**EXERCISE INPUT:**
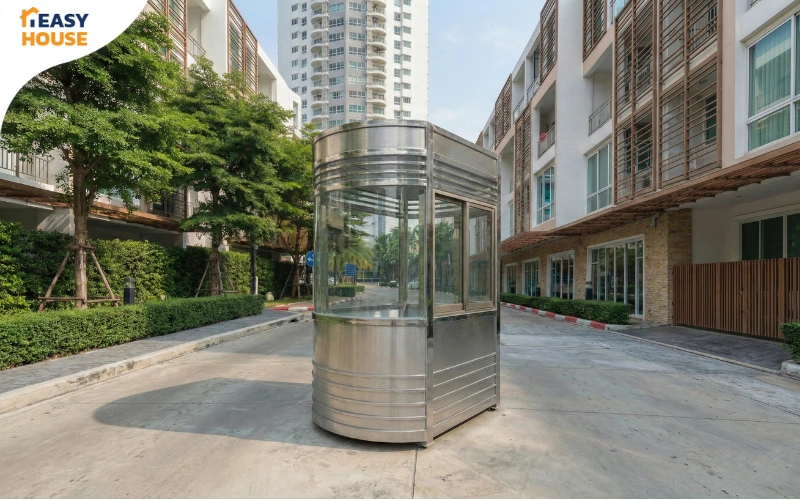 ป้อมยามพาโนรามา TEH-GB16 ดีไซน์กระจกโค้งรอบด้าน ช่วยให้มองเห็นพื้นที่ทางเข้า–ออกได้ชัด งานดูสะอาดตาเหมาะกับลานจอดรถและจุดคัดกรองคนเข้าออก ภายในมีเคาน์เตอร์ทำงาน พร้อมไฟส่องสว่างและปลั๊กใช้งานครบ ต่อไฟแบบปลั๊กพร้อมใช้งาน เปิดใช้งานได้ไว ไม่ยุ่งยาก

--

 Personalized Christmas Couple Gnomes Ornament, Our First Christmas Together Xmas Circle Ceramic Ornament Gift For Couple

...

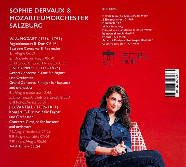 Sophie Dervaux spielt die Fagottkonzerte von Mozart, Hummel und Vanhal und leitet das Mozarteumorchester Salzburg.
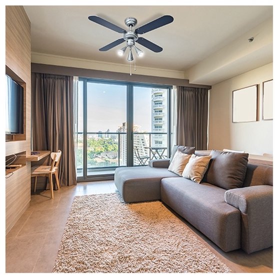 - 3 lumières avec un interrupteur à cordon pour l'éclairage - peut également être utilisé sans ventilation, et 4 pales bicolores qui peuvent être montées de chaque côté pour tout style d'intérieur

**EXERCISE PROMPT:** When copying from the data above, print only the lines from the line containing "Sophie Dervaux spielt" to the line containing "- 3 lumières", exactly, and leave the pictures out.

**ANSWER AREA:**
 Sophie Dervaux spielt die Fagottkonzerte von Mozart, Hummel und Vanhal und leitet das Mozarteumorchester Salzburg.
 - 3 lumières avec un interrupteur à cordon pour l'éclairage - peut également être utilisé sans ventilation, et 4 pales bicolores qui peuvent être montées de chaque côté pour tout style d'intérieur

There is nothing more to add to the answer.